• DIRECTIONS FOR THIS TASK
In this exercise, print only the lines of the records below from the one with "2 ONLINE AUCTION" through the one with "DESCRIPTION: Fitted trousers", inclusive. Pictures are not part of the copy.

Records from a collection:
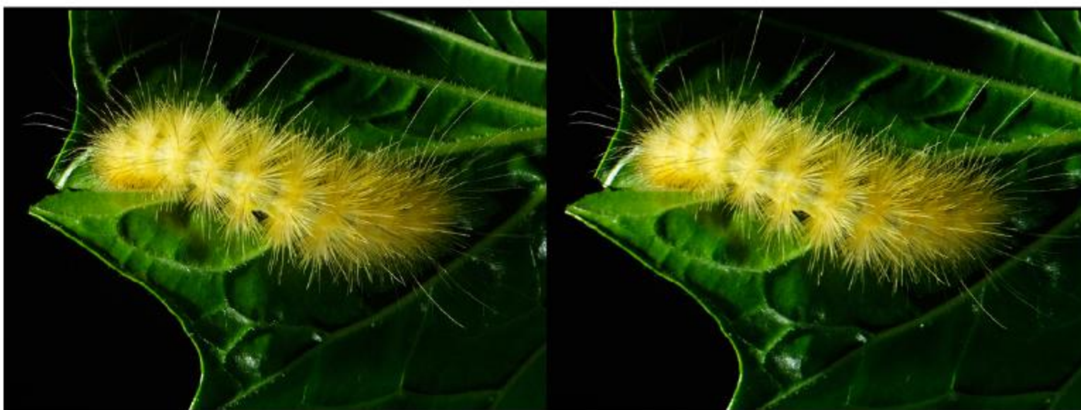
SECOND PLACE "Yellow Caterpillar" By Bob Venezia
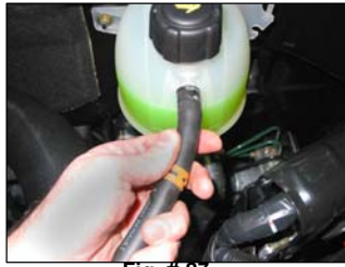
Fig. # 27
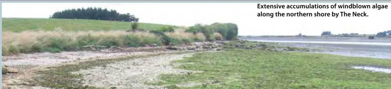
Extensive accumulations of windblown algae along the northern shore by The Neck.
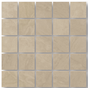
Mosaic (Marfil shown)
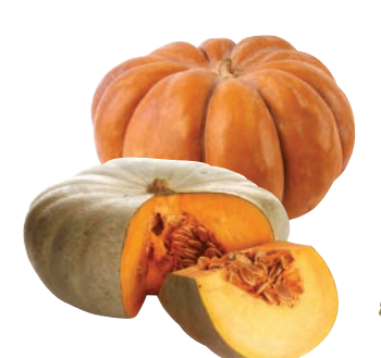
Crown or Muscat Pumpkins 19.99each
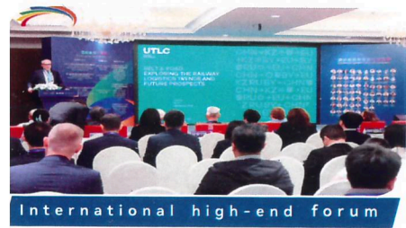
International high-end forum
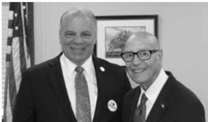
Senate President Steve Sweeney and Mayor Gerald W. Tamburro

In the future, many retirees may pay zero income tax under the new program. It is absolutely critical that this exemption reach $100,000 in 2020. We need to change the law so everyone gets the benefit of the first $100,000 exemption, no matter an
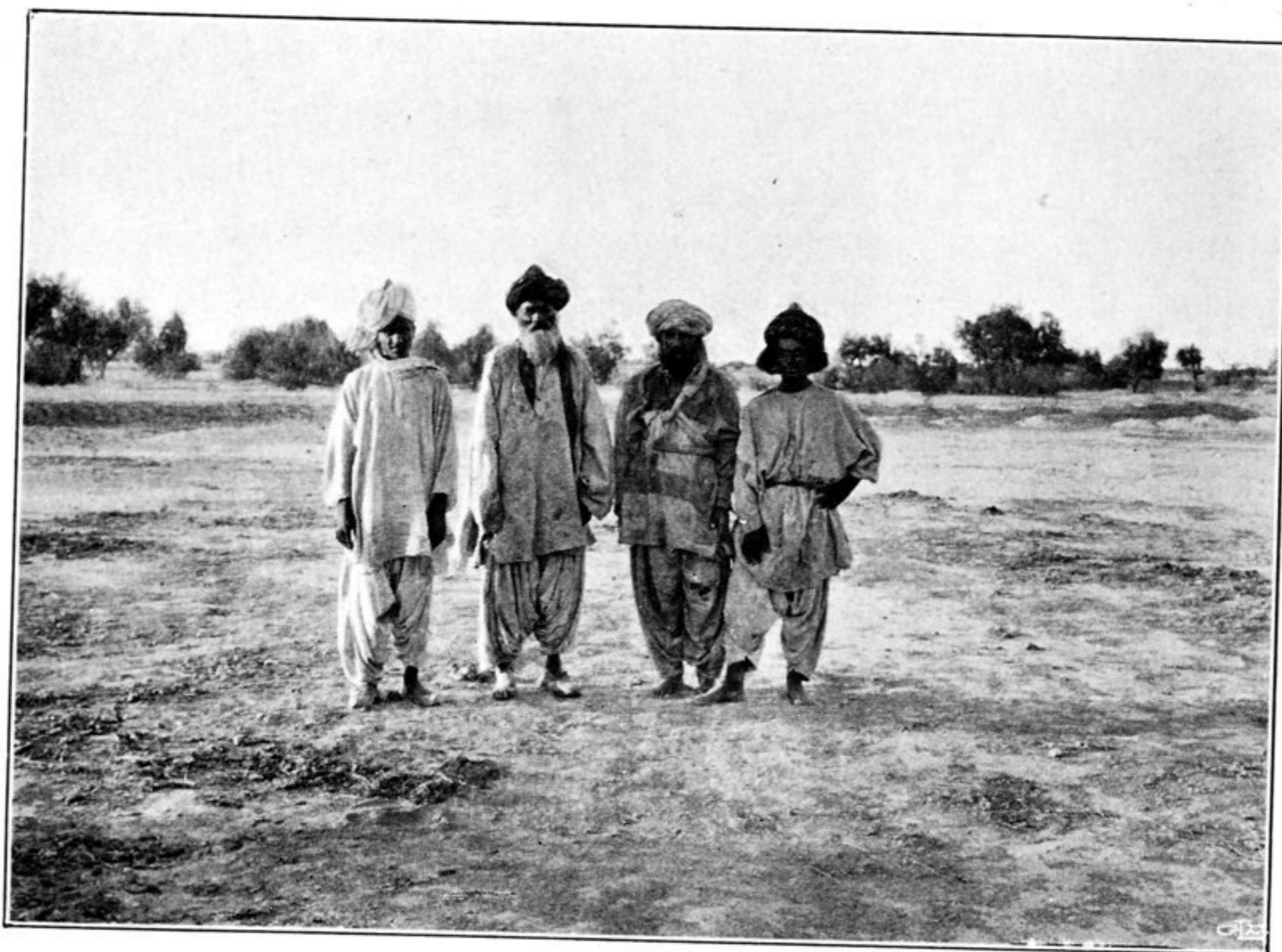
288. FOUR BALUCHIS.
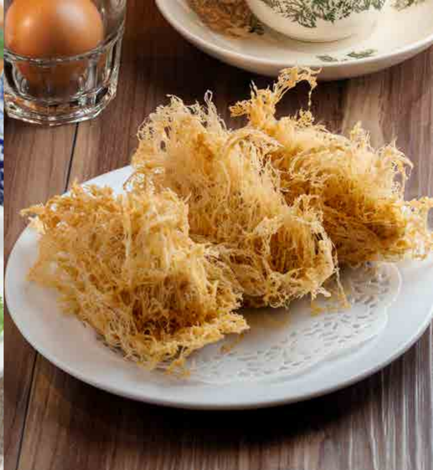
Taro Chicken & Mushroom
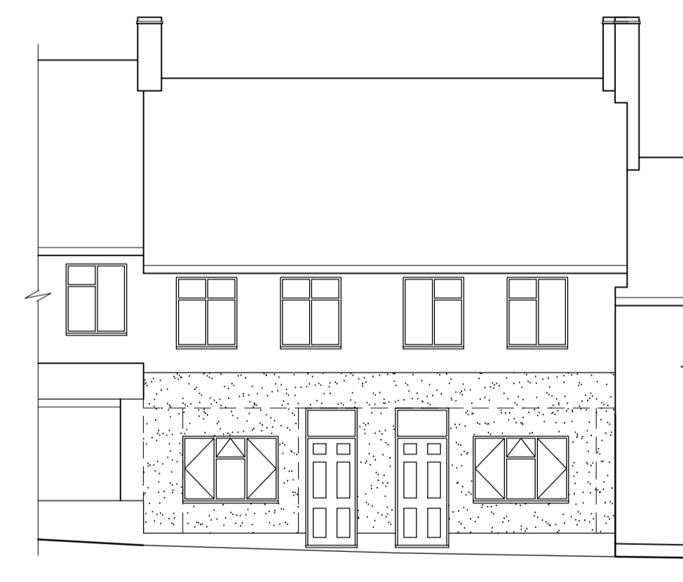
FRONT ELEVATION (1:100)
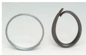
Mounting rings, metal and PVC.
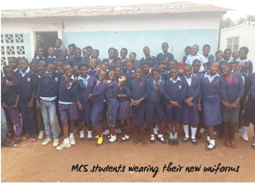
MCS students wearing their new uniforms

==

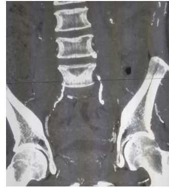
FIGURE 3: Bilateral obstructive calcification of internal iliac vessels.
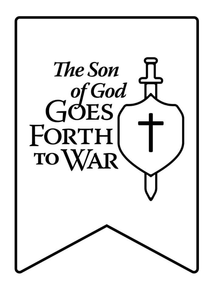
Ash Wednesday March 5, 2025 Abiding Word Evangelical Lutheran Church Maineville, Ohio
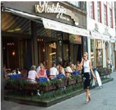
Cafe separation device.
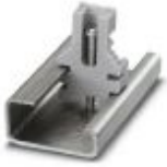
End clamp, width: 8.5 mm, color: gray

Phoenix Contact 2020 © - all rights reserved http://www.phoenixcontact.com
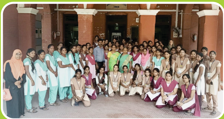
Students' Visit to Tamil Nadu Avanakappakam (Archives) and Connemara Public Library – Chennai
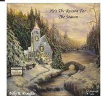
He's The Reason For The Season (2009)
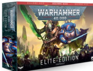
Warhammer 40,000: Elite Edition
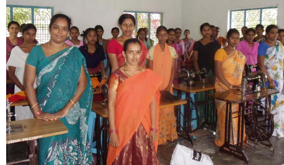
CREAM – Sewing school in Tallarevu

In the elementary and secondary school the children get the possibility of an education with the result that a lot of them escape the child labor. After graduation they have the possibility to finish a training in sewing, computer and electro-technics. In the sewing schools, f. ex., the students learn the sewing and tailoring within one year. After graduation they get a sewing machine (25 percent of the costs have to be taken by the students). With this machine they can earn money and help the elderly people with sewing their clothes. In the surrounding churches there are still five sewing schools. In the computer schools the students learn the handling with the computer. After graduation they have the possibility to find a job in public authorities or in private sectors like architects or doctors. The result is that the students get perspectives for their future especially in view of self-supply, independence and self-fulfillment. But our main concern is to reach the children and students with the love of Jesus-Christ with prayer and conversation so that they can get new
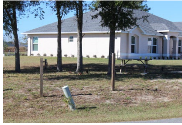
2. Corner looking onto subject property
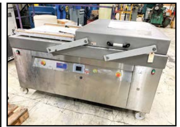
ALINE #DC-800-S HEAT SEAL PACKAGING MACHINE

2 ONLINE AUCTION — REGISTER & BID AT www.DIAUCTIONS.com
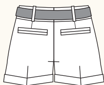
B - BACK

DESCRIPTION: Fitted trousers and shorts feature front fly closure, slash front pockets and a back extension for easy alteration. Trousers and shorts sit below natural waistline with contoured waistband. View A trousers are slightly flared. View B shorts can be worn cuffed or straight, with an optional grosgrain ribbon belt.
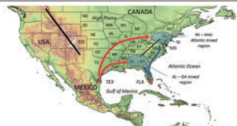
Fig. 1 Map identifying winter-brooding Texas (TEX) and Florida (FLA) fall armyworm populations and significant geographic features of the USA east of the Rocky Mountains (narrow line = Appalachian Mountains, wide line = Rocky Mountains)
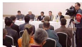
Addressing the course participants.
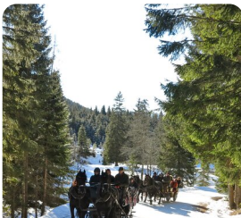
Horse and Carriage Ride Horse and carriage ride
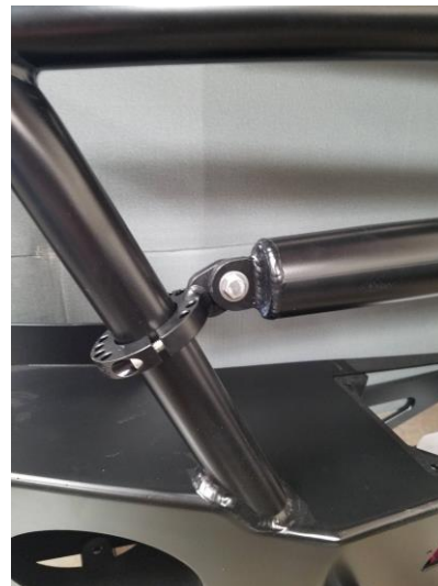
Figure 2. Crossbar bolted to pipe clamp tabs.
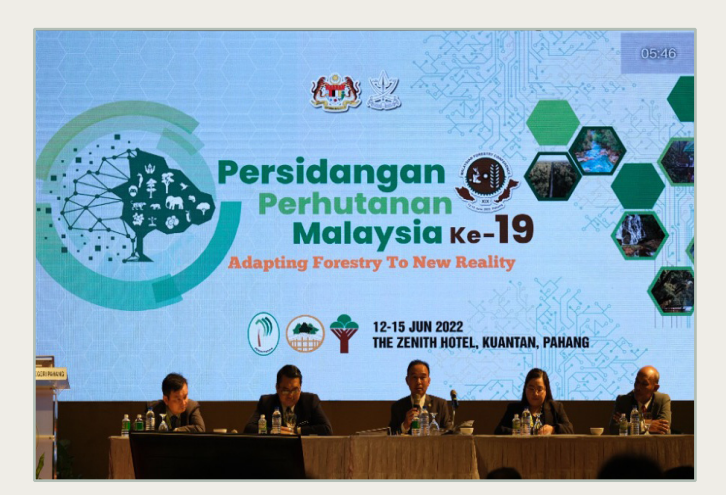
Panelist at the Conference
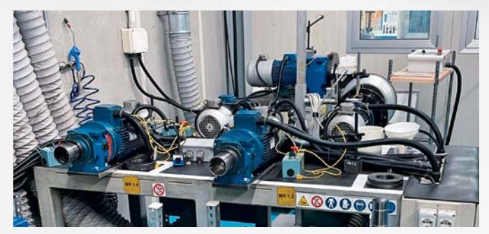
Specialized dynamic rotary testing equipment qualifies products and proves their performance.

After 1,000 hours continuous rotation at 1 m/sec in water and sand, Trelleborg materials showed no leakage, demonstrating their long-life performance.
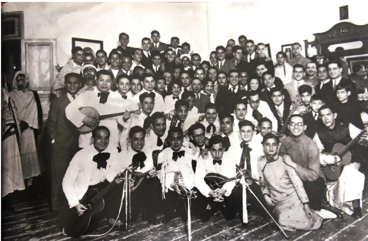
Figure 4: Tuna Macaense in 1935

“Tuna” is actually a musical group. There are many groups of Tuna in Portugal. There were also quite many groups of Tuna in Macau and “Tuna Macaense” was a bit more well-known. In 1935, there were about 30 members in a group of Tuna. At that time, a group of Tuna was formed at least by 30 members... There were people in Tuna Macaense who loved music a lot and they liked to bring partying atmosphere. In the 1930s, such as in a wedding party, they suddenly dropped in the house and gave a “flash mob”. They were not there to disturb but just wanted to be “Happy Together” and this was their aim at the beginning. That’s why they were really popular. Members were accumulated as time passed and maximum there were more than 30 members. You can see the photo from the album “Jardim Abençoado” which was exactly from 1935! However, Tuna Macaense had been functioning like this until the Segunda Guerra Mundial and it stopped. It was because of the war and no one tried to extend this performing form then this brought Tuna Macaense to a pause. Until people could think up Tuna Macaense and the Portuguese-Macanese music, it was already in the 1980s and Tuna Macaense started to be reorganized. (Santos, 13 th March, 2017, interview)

• EXPECTED OUTPUT
2 ONLINE AUCTION — REGISTER & BID AT www.DIAUCTIONS.com
B - BACK

DESCRIPTION: Fitted trousers and shorts feature front fly closure, slash front pockets and a back extension for easy alteration. Trousers and shorts sit below natural waistline with contoured waistband. View A trousers are slightly flared. View B shorts can be worn cuffed or straight, with an optional grosgrain ribbon belt.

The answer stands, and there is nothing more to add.